Она уже шла по Хай-стрит среди чужеземных одеяний. Сим кивнул и продолжал кивать, соглашаясь с ней, но зная, что не уберет детских книг. Пусть на них ложится свинцовая пыль. Пусть это называют упрямством. Он резко повернулся к куче книг, сваленных возле стола; книги из Лангпорт Грэндж, которые надо разобрать и оценить… работа, работа, работа!
Эта работа ему нравилась — из-за нее он и продолжал отцовское дело. Аукционы были для него тяжелым испытанием — Сим был трусом и не верил в свою легкую руку. Но разбирать потом книги — все равно что промывать золотоносный песок. Ты подкрадываешься к лотку с породой, ловишь глазом многозначительный отблеск; и после всех ужасов аукциона — в твоих руках первое издание «Введения в исследование росписи по стеклу» Уинстэнли в идеальном состоянии!
Да, так было. Один раз.
Сим уселся за стол, но тут распахнулась дверь, звякнул колокольчик — и явился Эдвин собственной персоной, необъятный, как сама жизнь, или стремящийся к необъятности жизни, в своем клетчатом пальто и желтом развевающемся шарфе, по-прежнему одевавшийся как студиозус тридцатых годов, только широких штанов не хватало для полного соответствия облику эпохи.
— Сим! Сим!
Порыв ветра, словно Эдвард Томас встретился с Джорджем Борроу, ветер над вереском, ветер великой Природы, но одновременно — утонченный, интеллигентный и духовно искренний .
— Сим! Сим, дорогой мой! Какого я встретил человека!
Эдвин Белл пересек магазин, уселся на край стола, как женщина верхом на лошадь, уронил на пол учебник, который принес с собой, и экземпляр «Бхагават-Гиты». Сим откинулся в кресле, снял очки и, прищурившись, поглядел на полное нетерпения лицо, практически неразличимое на фоне окна.
— Что на сей раз, Эдвин?
— Ессе homo, — если мои слова не прозвучат чудовищным богохульством, а мне, знаешь ли, Сим, они богохульством не кажутся. Совершенно невероятное существо… и производит такое впечатление… Знаешь ли, я… я взволнован!

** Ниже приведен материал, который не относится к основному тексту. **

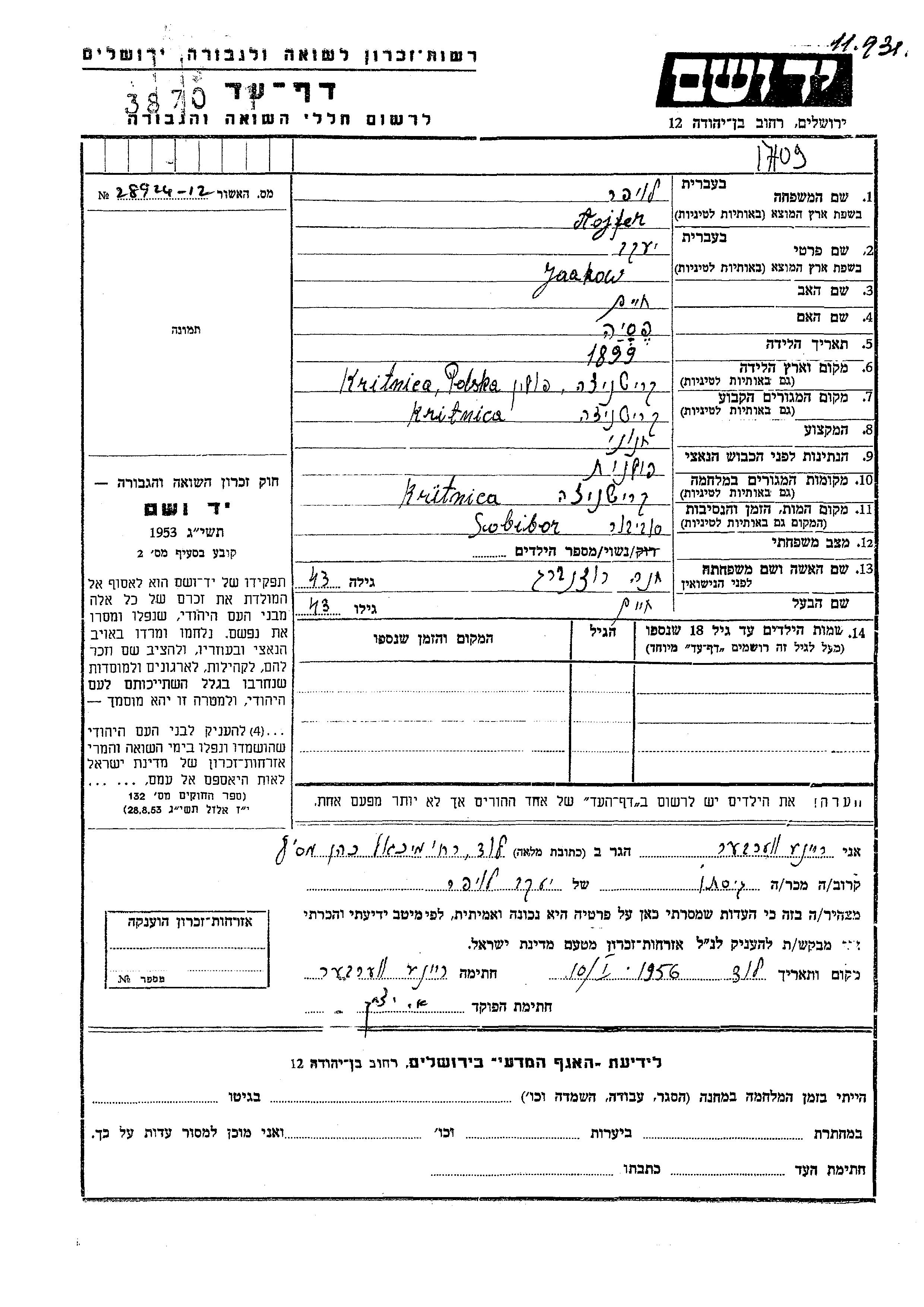 Jaakow Lojfer was born in Kritnica, Poland, 1899 to Khaim and Pesia. He was a grocer. Prior to WWII he lived in Kritnica, Poland. During the war he was in Kritnica, Poland. Jaakow was murdered in the Shoah. Place of death: Sobibor, Poland.

— Это с тобой часто бывает.
— После стольких лет ожидания! Я действительно чувствую — вот она награда за терпение! Наконец-то… Я знаю, что ты хочешь сказать…
— Я ничего не хотел сказать!
— Ты хотел сказать, что мои лебеди всегда оказывались гадкими утятами. Да. Так оно и было. Признаю без возражений.
— Вся эта теософия, сциентизм, Махатма…
Эдвин чуть-чуть притих.
— Эдвина того же мнения, — кивнул он.
Должно быть, брак Эдвина и Эдвины Белл был предначертан с момента сотворения вселенной. Очевидность этой предначертанности заключалась не только в совпадении имен. Они были настолько похожи друг на друга, что всякий плохо знакомый с ними человек мог бы принять их за трансвеститов. Тем более что у Эдвина голос был слишком писклявый для мужчины, а у Эдвины — слишком хриплый для женщины. Сим до сих пор краснел, вспоминая один из первых телефонных разговоров с ними. Ему ответил писклявый голос, и он сказал: «Привет, Эдвина!» Но голос возразил: «Сим, это же Эдвин!» В следующий раз ему ответил хриплый голос, и он сказал: «Привет, Эдвин!» — услышав в ответ: «Сим, это же Эдвина!» Когда супруги выходили на Хай-стрит из усадьбы Спраусона, вернее, из своей квартиры в усадьбе Спраусона, на них всегда были одинаковые шарфы, высовывающиеся из-под одинаковых пальто. Эдвина отличалась от мужа более короткой стрижкой и высокой грудью. Полезная примета.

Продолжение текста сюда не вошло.